● Exercise details
Reproduce only the lines below from the line containing "Block is enabled" to the line containing "バンダイナムコミュージックラ", exactly as written, with both end lines kept. Omit the pictures.

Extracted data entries
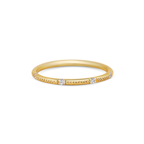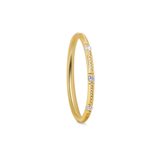 A delicate but detailed band featuring 8 sparkling diamonds set amongst a tiny dotted engraving pattern.
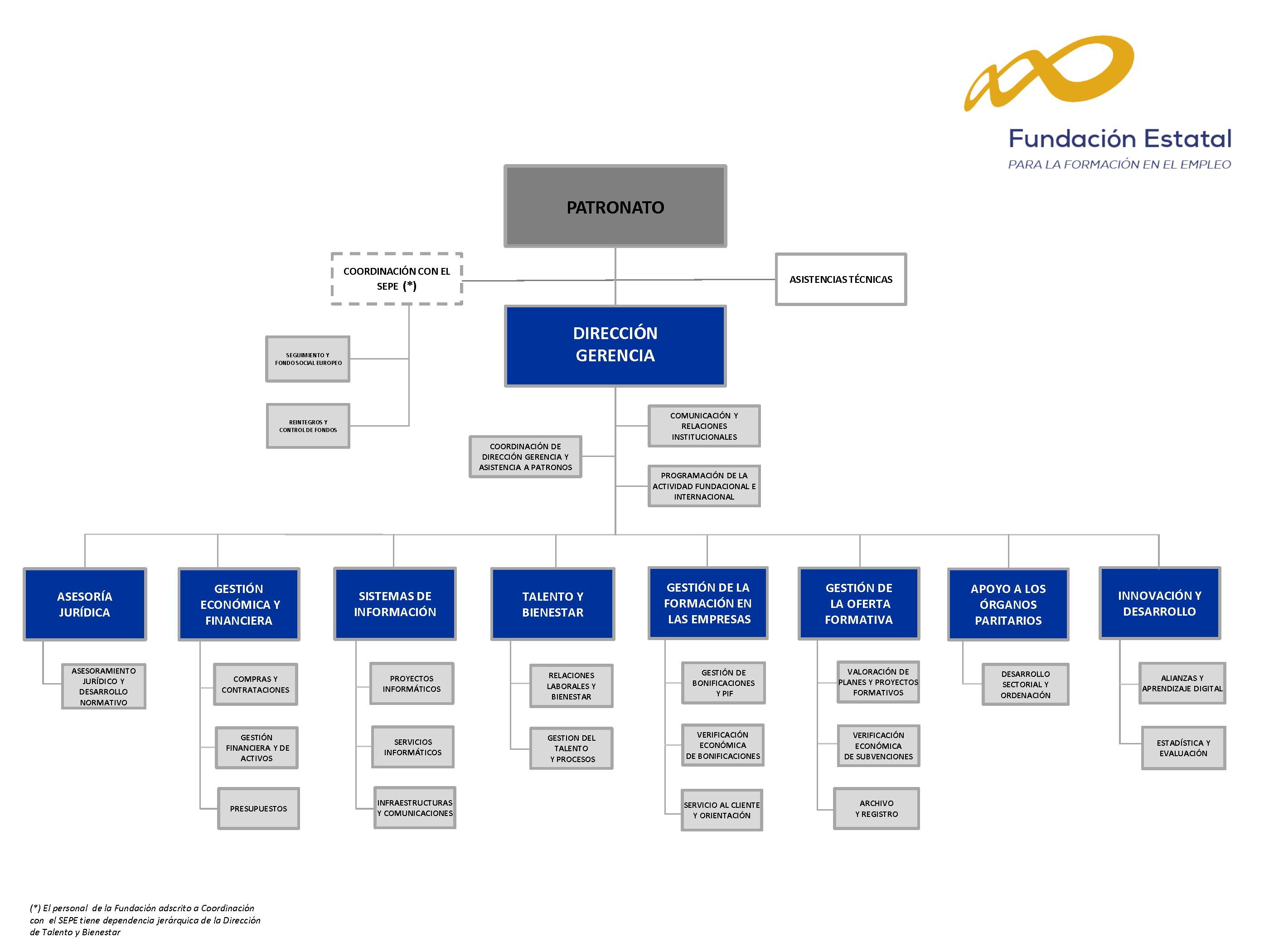 La estructura responde al organigrama que verás al final de la página. Las funciones de Fundae se establecen por ley y se recogen en un plan de actuación anual.
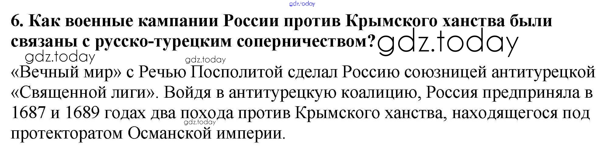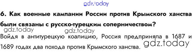 На страницах сайта gdz.today вы найдете учебный и вспомогательный материал, направленный на улучшения знаний школьной программы. ГДЗ - онлайн мир знаний Вопросы и задания §21-22 6 Учебнику по Истории России для 7 класса Арсентьев, Данилов Просвещение 2016
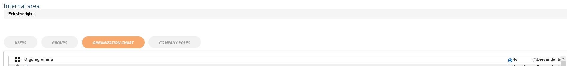 The "Certificates" Block is enabled (green), no user is selected and in Org Chart everything is set to "No".
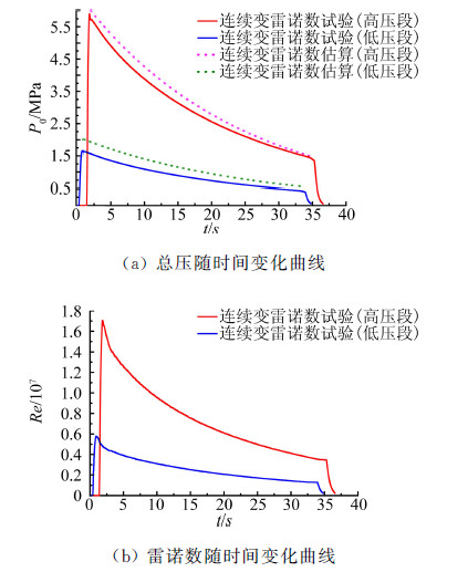 1) 高压段:加热器预充压力6.0MPa,总压变化范围约为1.4MPa~5.6MPa,雷诺数变化范围约为0.35×107~1.67×107。
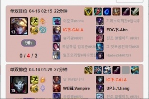 体育资讯4月16日讯 LPL第二赛段组内赛iG不敌NIP,赛后GALA回到基地连开了两把韩服Rank,但两局均失利。
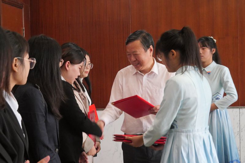 祖明代表学校向所有受到表彰的研究生支教团同学表示热烈的祝贺,对历届研究生支教团的支教工作表示充分肯定。祖明对同学们提出三点希望,一要坚定理想信念,树立远大志向。希望同学们始终坚持为祖国、为人民奉献青春的初心信仰,在志愿服务的岗位上用心学习,锻炼本领,历练成长,在为西部地区基础教育事业中贡献小我,在最美的年华里闪耀青春;二要弘扬志愿精神,担当时代责任。希望同学们点亮青春的“指明灯”、提升青春的“能力值”、练就青春的“宽肩膀”,向着梦想的方向奔跑,行稳致远;三要主动开拓创新,砥砺奋进力量。希望同学们发挥高校学子在先进教育理念的普及、信息化远程教育教学技术的运用等方面的优势,结合服务地实际,积极参与和推动服务地县域教育改革和乡村振兴。
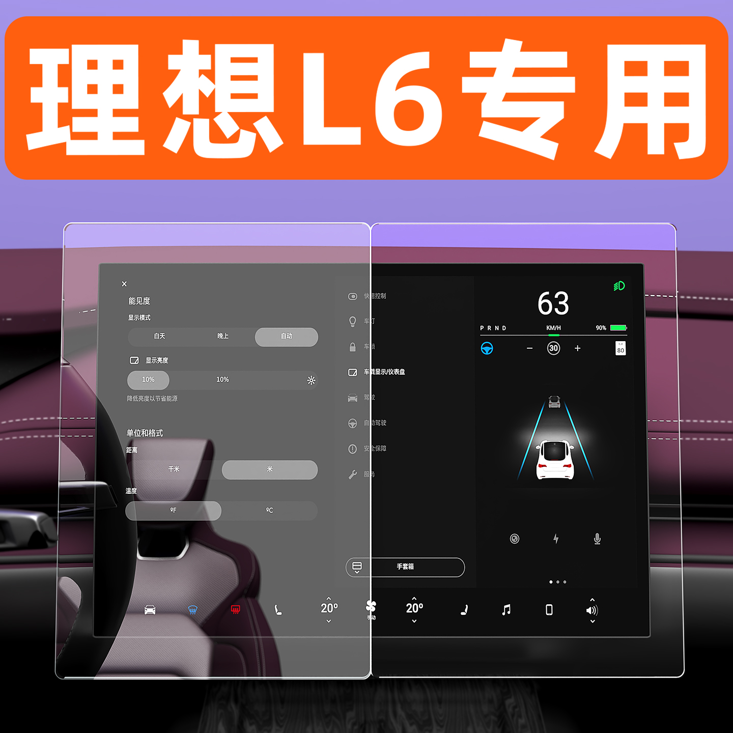 理想L6汽车屏幕钢化膜中控导航车机贴膜专用内饰显示大屏保护膜
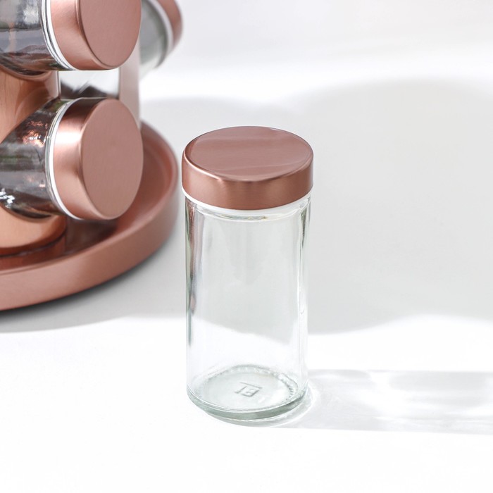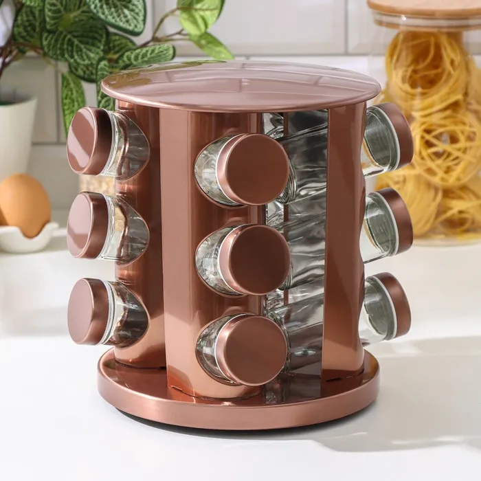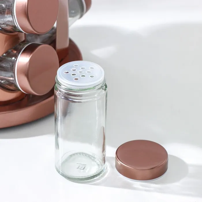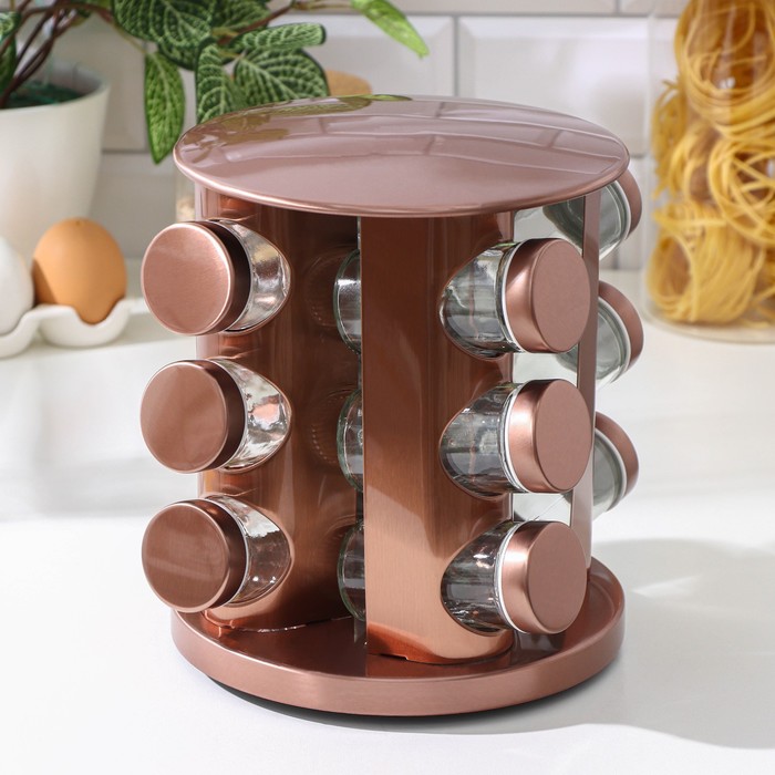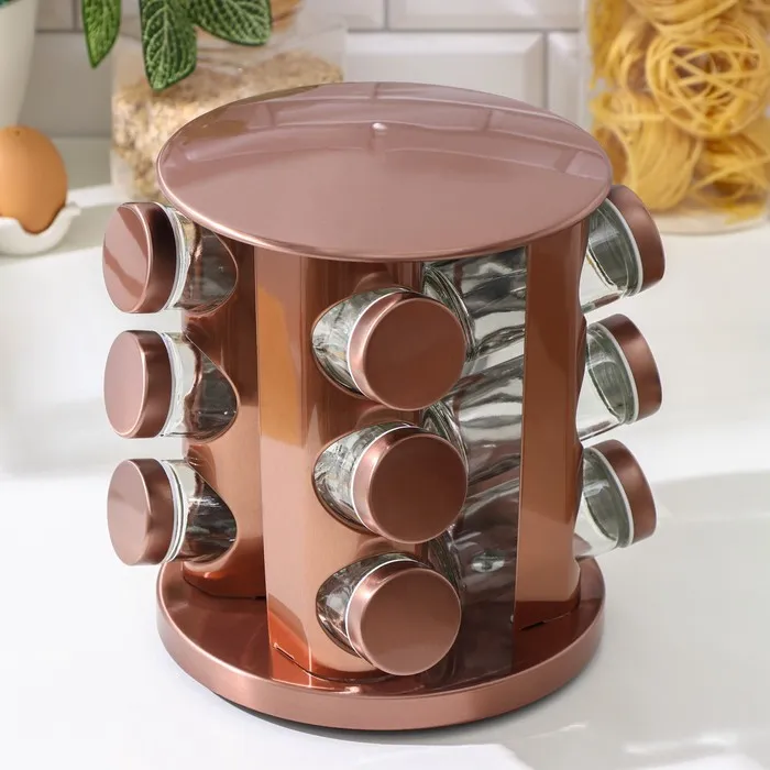 Набор для специй на подставке «Профи», 100 мл, 19×20 см, 12 шт., стекло, цвет бронзовый — Характеристики
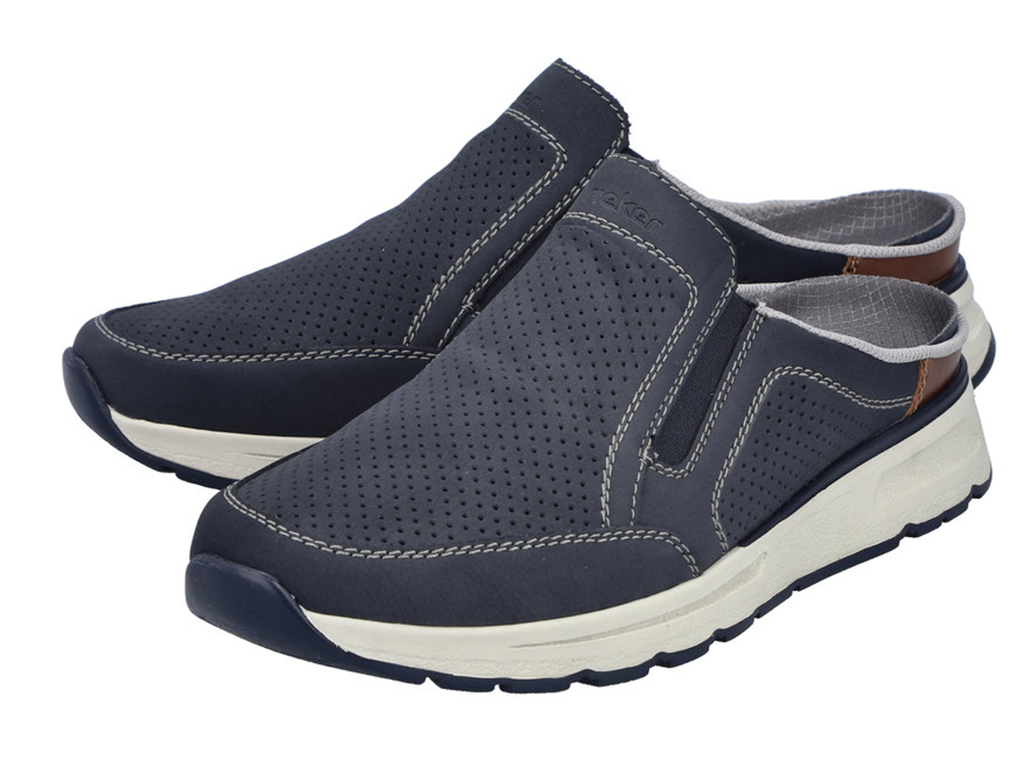 Comfort meets Style. Diese blauen Rieker Clogs für Herren garantieren ein himmlisches Tragegefühl. Außerdem passt der Schuh dank des Gummizugs wie angegossen. Mit der flexiblen und super leichten Sohle werden deine Füße bei jedem Schritt verwöhnt. Der Schuh verfügt über eine gepolsterte und herausnehmbare Einlegesohle, die ein bestechendes Komfort-Feature ist. Das Modell sichert dem Fuß zusätzlichen Bewegungsfreiraum, denn es ist in Komfortweite G geschnitten. Modisches Wohlgefühl im Stil von Rieker!
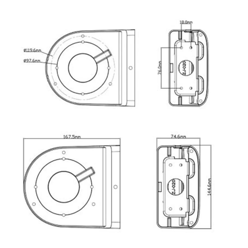 Кронштейн для купольних камер, розміри: 167.5×144.6×74.6 мм
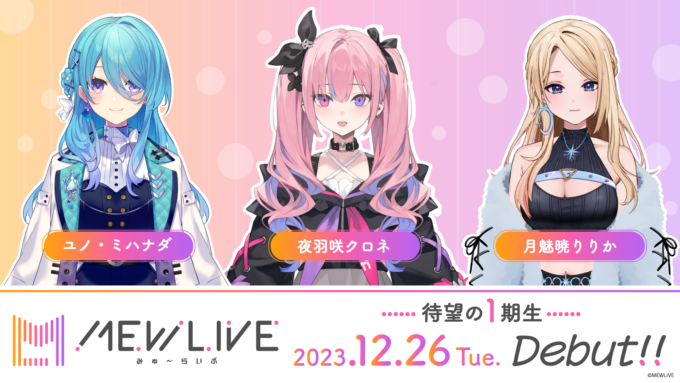 バンダイナムコミュージックライブは22日、VTuber事務所「MEWLIVE」(みゅ~らいぶ)の1期生として、夜羽咲クロネ、ユノ・ミハナダさん、月魅暁りりかさんの3名が12月26日にデビューすることを発表した。同日21時よりリレー配信を行う。
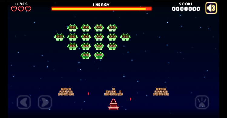 To play…. you simply tap your space bar to shoot the aliens. You move right or left to avoid their shots while trying to shoot them down. You can also use the bases to block their shots. As you move up in levels…. various alien spacecraft take different shot amounts to be destroyed making the levels more and more difficult. Each level also has its own pattern of movement with some ships moving side to side while others will also come forward to you each time they hit the edge of the screen. When you get close to eliminating all ships… the last few ships speed up making it harder to hit them and to also dodge their bullets.
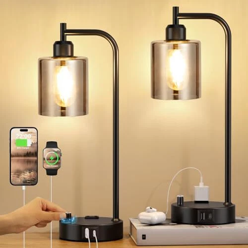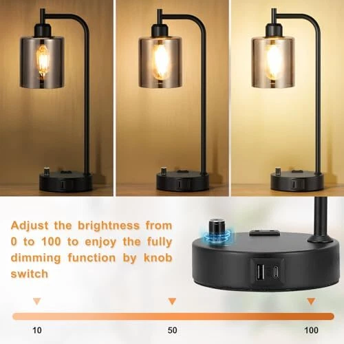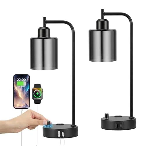 Return Policy Fast Delivery Trusted seller Industrial Desk Lamps for Office Set of 2 - Fully Dimmable Bedside Lamps with USB A C Ports and Outlet, Black Nightstand Lamps with Grey Glass Shade for Living Room, Table Lamps for Bedrooms Reading Product Description STEPLESS DIMMABLE LAMP - You can turn on/off and turn up/dim the lights by rotating the dimmer knob. The operation is simple and suitable for people of any age. Compared to 3-way dimming lamp, this bedside lamp has more brightness settings. This means that each lamp set can meet the lighting demands of various usage scenarios, such as sleeping and reading. Compared to touch lamp, the lamps have a more stable controller and you won't be troubled by frequent malfunctions of touch sensors. USB-C & USB & AC OUTLET CHARGING PORTS - Each farmhouse nightstand lamp integrates with a USB-C port, a USB port and a 2-prong AC outlet (5V/2.1A), which are available for use whether the black table lamps set of 2 are on or off. With that you'll have an easy access to charge mobile phones, tablets, kindle readers, power banks, e-watch, mini-humidifier and others. TWO 6W LED BULBS INCLUDED - You will receive two 6W E26 LED bulbs which worth $12, bonus but high quality, no flickering, no buzzing and less heat output. It has a bright light and easy on the eyes, rated to last 25,000 hours. And it is perfectly suitable to use the thomas edison lamp as bright desk lamps for home office. MODERN DESIGN FOR INDUSTRY STYLE - Adopted thick cylinder glass shade, pairs with rust-proof matte black finish iron, these rustic bedside lamps set of 2 perfectly combine a touch of vintage style with modern industry design, suitable for decorating anyw in home and office, such as bedroom, living room, dorm, guest room, kids room, and also perfect gift choice for festivals, birthday and housewarming. 'S WORK WITH SINCERITY - As a 6-year old store, we have been committed to providing customers with the most suitable lighting fixtures. The bedroom lamps for nightstand set of 2 are the modern aesthetic decor that we have newly developed to give back to our customers. We will provide you with customer service throughout the entire process, whether it is pre-sales, during sales, or after sales. If any problems arise, please contact us, we will ensure that you receive new and intact lamps! Shipping Returns Payment Shipping Shipping is FREE to all addresses other than APO/PO boxes in the lower 48 states. All our stock ships from US-based warehouses. Shipped via USPS or UPS (depending on location and package weight) Unless stated otherwise, all orders will ship within 24-72 hours of your payment being processed. Check our feedback to see the great reviews of FAST shipping we offer. Returns Seller does not accept returns Payment We currently accept payment via eBay managed payments only. Once payment is cleared, we will dispatch your shipment within 1-3 business days. Please refer to the "Shipping" tab for more information regarding shipping speed to your destination.

● Result
 The "Certificates" Block is enabled (green), no user is selected and in Org Chart everything is set to "No".
 1) 高压段:加热器预充压力6.0MPa,总压变化范围约为1.4MPa~5.6MPa,雷诺数变化范围约为0.35×107~1.67×107。
 体育资讯4月16日讯 LPL第二赛段组内赛iG不敌NIP,赛后GALA回到基地连开了两把韩服Rank,但两局均失利。
 祖明代表学校向所有受到表彰的研究生支教团同学表示热烈的祝贺,对历届研究生支教团的支教工作表示充分肯定。祖明对同学们提出三点希望,一要坚定理想信念,树立远大志向。希望同学们始终坚持为祖国、为人民奉献青春的初心信仰,在志愿服务的岗位上用心学习,锻炼本领,历练成长,在为西部地区基础教育事业中贡献小我,在最美的年华里闪耀青春;二要弘扬志愿精神,担当时代责任。希望同学们点亮青春的“指明灯”、提升青春的“能力值”、练就青春的“宽肩膀”,向着梦想的方向奔跑,行稳致远;三要主动开拓创新,砥砺奋进力量。希望同学们发挥高校学子在先进教育理念的普及、信息化远程教育教学技术的运用等方面的优势,结合服务地实际,积极参与和推动服务地县域教育改革和乡村振兴。
 理想L6汽车屏幕钢化膜中控导航车机贴膜专用内饰显示大屏保护膜
 Набор для специй на подставке «Профи», 100 мл, 19×20 см, 12 шт., стекло, цвет бронзовый — Характеристики
 Comfort meets Style. Diese blauen Rieker Clogs für Herren garantieren ein himmlisches Tragegefühl. Außerdem passt der Schuh dank des Gummizugs wie angegossen. Mit der flexiblen und super leichten Sohle werden deine Füße bei jedem Schritt verwöhnt. Der Schuh verfügt über eine gepolsterte und herausnehmbare Einlegesohle, die ein bestechendes Komfort-Feature ist. Das Modell sichert dem Fuß zusätzlichen Bewegungsfreiraum, denn es ist in Komfortweite G geschnitten. Modisches Wohlgefühl im Stil von Rieker!
 Кронштейн для купольних камер, розміри: 167.5×144.6×74.6 мм
 バンダイナムコミュージックライブは22日、VTuber事務所「MEWLIVE」(みゅ~らいぶ)の1期生として、夜羽咲クロネ、ユノ・ミハナダさん、月魅暁りりかさんの3名が12月26日にデビューすることを発表した。同日21時よりリレー配信を行う。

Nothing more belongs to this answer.